Неспешное и острословное обсуждение событий шло у Панкова до четырех-пяти утра в возвышенной ароматической атмосфере хороших чаев, вкусного кофия и дорогих сигарет, на которые Павел Петрович не жалел и валютных затрат. Стоит ли говорить, что Венценосным Председателем, Светящимся Маяком, воплощенным Обломовым, живым Джаксоном и воскресшим Йориком был именно он.
Ни о каком алкоголе здесь и речи быть не могло, так как хозяин решительно бросил молодые привычки, загубившие не один самородный талант, и одним этим служил для нас высочайшим примером.

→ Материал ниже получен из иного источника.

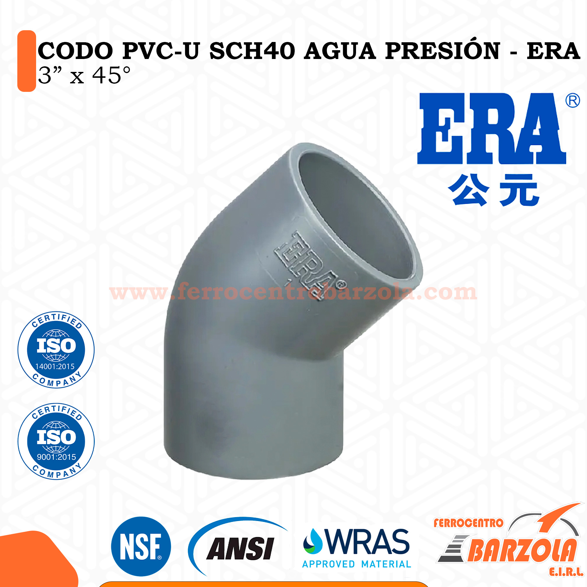 Codo PVC-U SCH40 Agua Presión 3″ x 45° – ERA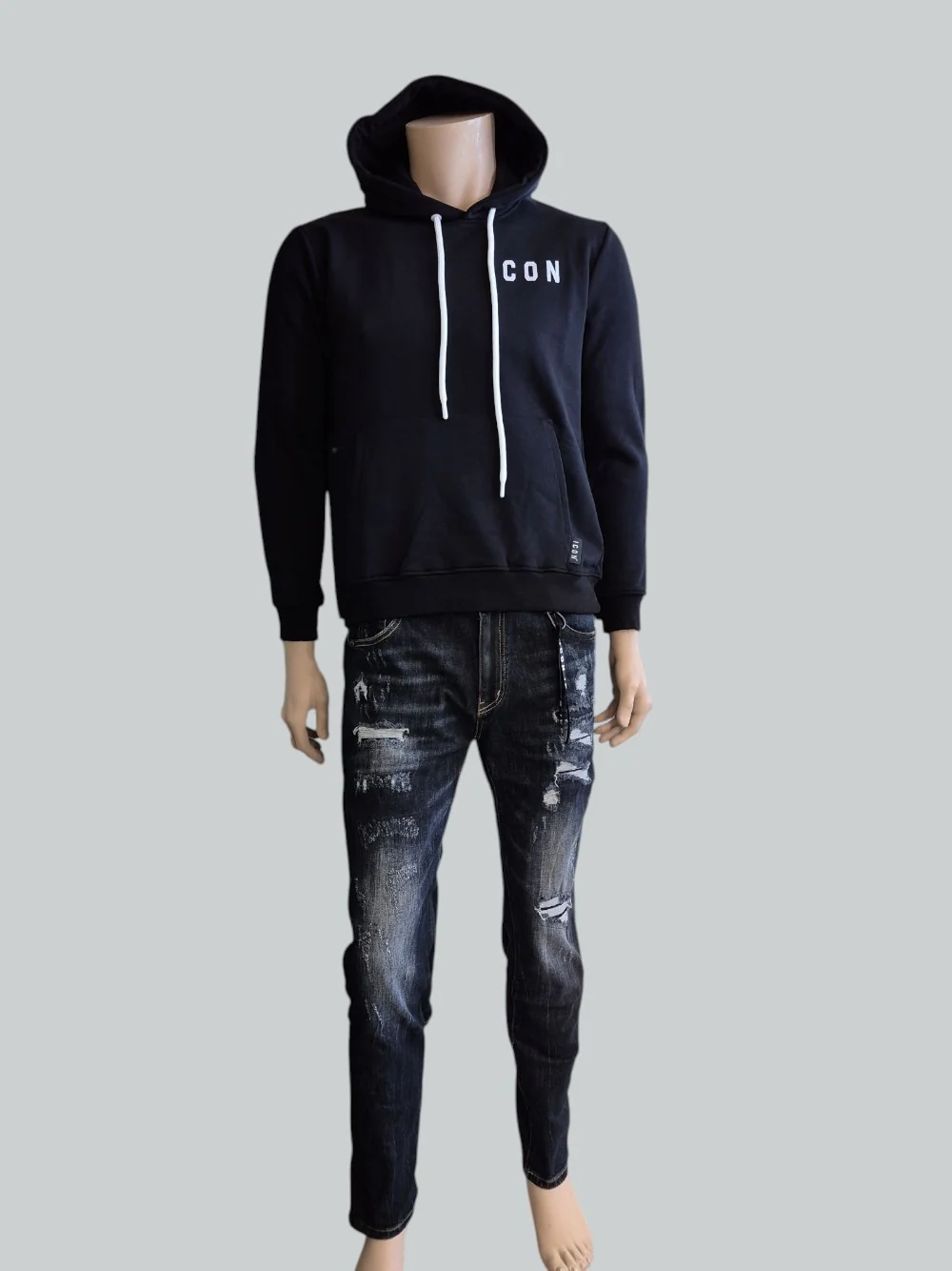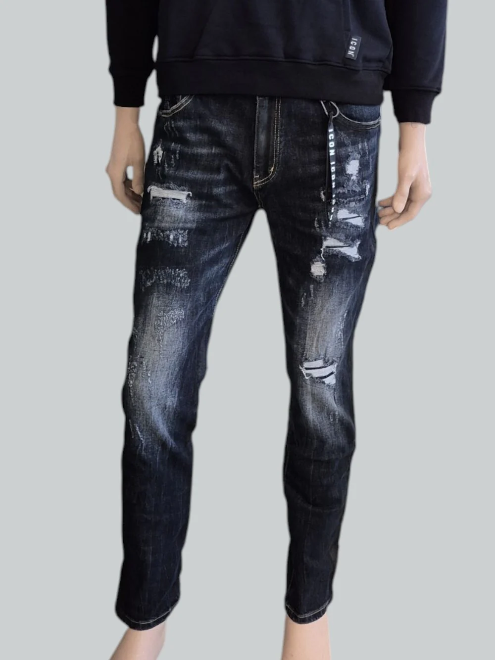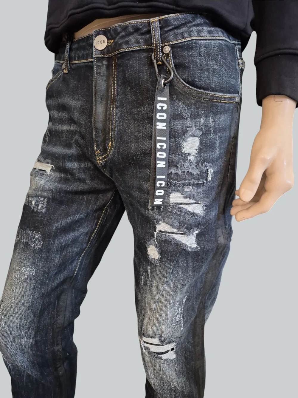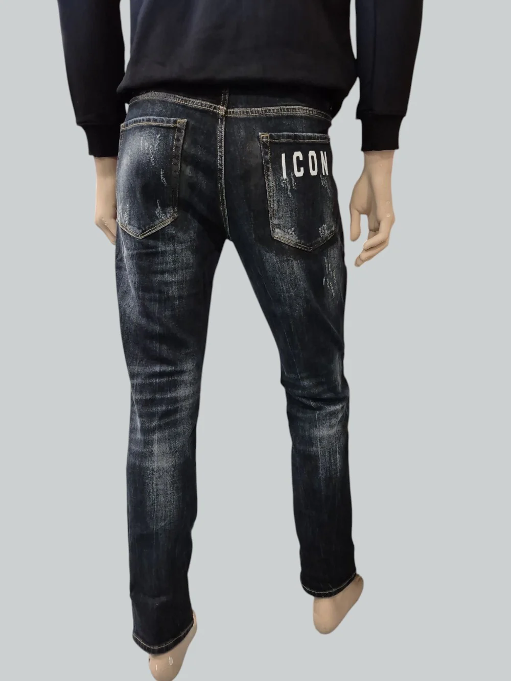 Il lavaggio dark blu con dettagli scoloriti e smerigliati dona profondità e un effetto vissuto sofisticato, esaltando il fascino autentico del denim. Il design è completato dal logo ICON discreto e distintivo, simbolo di stile contemporaneo.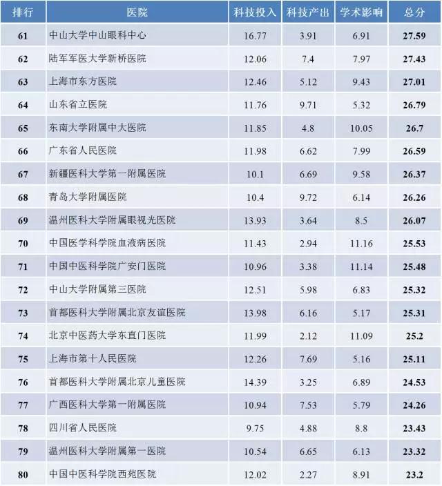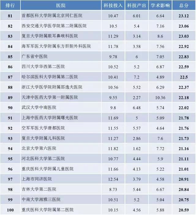 完整信息详见中国医学科学院医学信息研究所网站:http://top100.imicams.ac.cn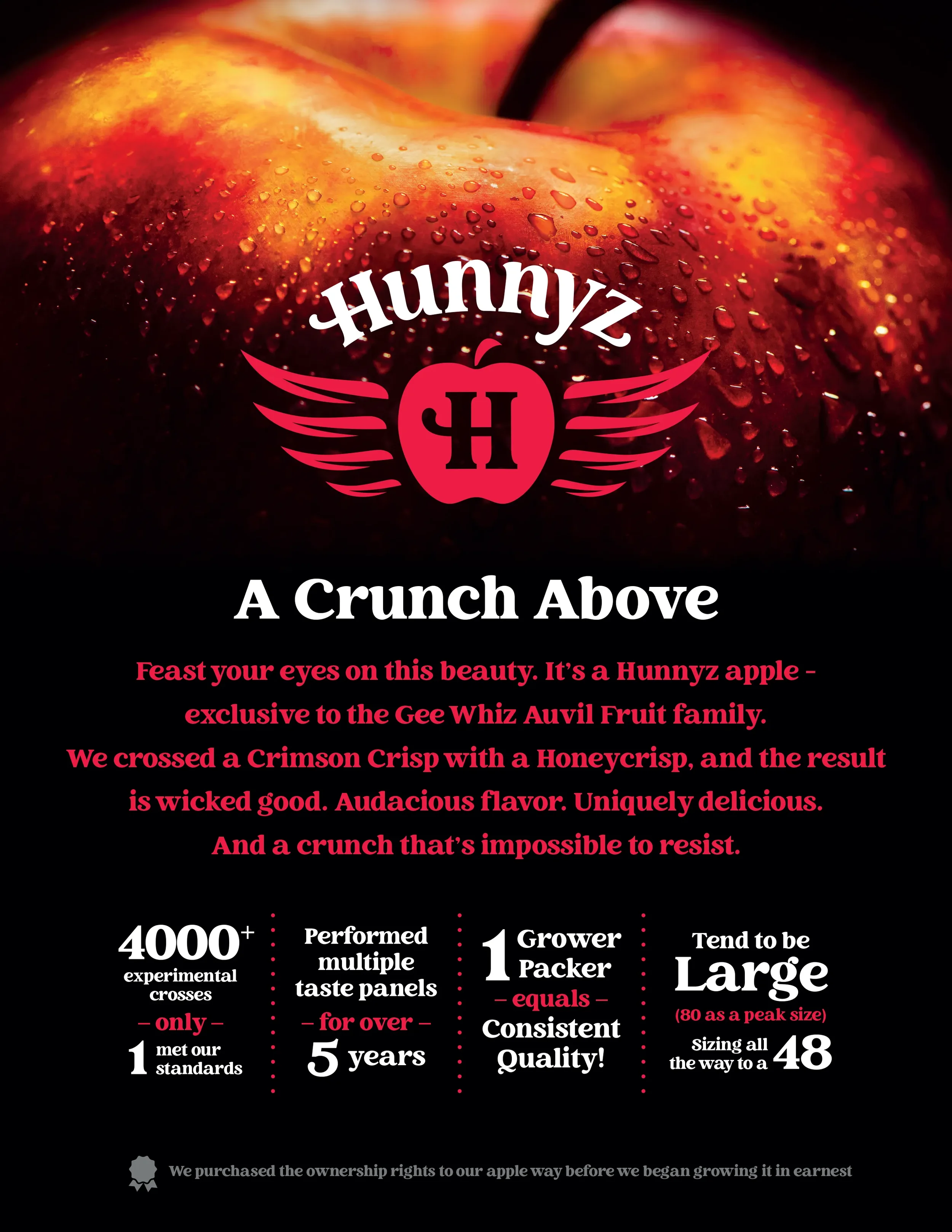 Founder Grady Auvil had a friend that once told him his fruit tasted so delicious that it often caught people by surprise. He relayed that when people first experienced the perfectly balanced sweetness, they would exclaim, “Gee whiz, that’s a good piece of fruit.” Ever since, the Gee Whiz label has marked our premium grade fruit, which is recognized across the globe as a symbol of unrivaled quality.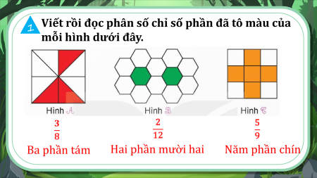 1 mỗi hình dưới đây. 1 3 2 5 8 12 9 Ba phần tám Hai phần mười hai Năm phần chín
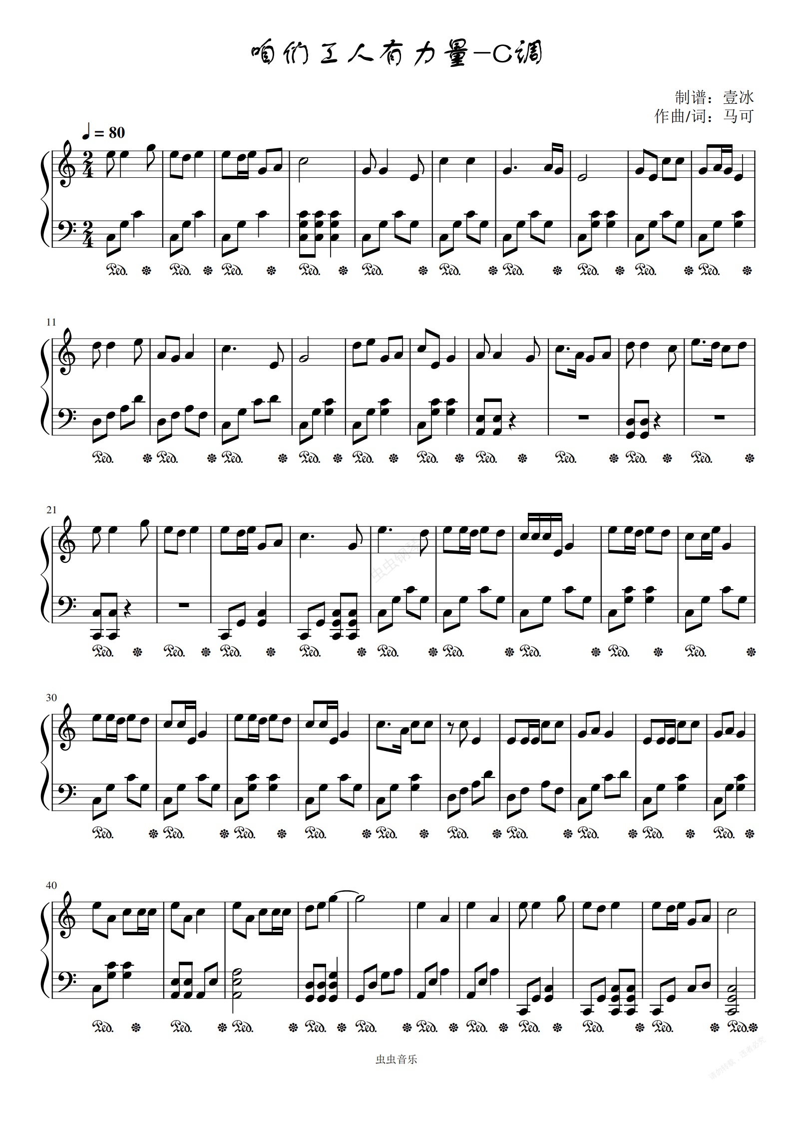 钢琴谱:咱们工人有力量-C调简单易上手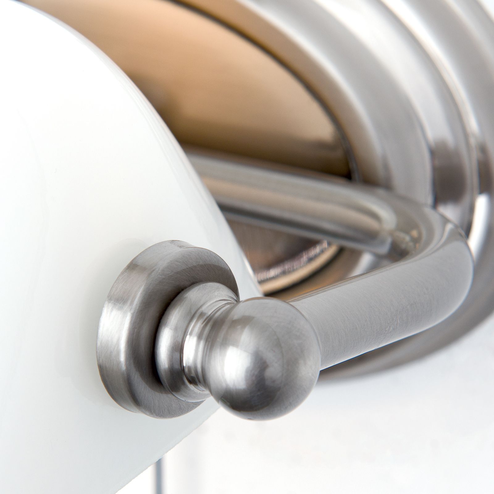 масивен месинг в цвят хром сатен, стъкло в опалово бял цвят

Расходясь почти на заре, участники посиделок знали, что теперь к Павлу Петровичу до двух, а то и до трех часов пополудни лучше не ломиться, да и позднее дать ему время на медленное просыпанье и плавное приведение огромного, рыхлого и талантливого тела в рабочее состояние.
Пик формы с Божьей помощью наступал у Панкова к началу вечернего спектакля, а в антракте вновь поспевал чифирный чаек или свежесваренный кофий, что было следствием доброхотного опекунства, которое взяла над Павлом Петровичем костюмер и мажордом его клуба Татьяна Руданова…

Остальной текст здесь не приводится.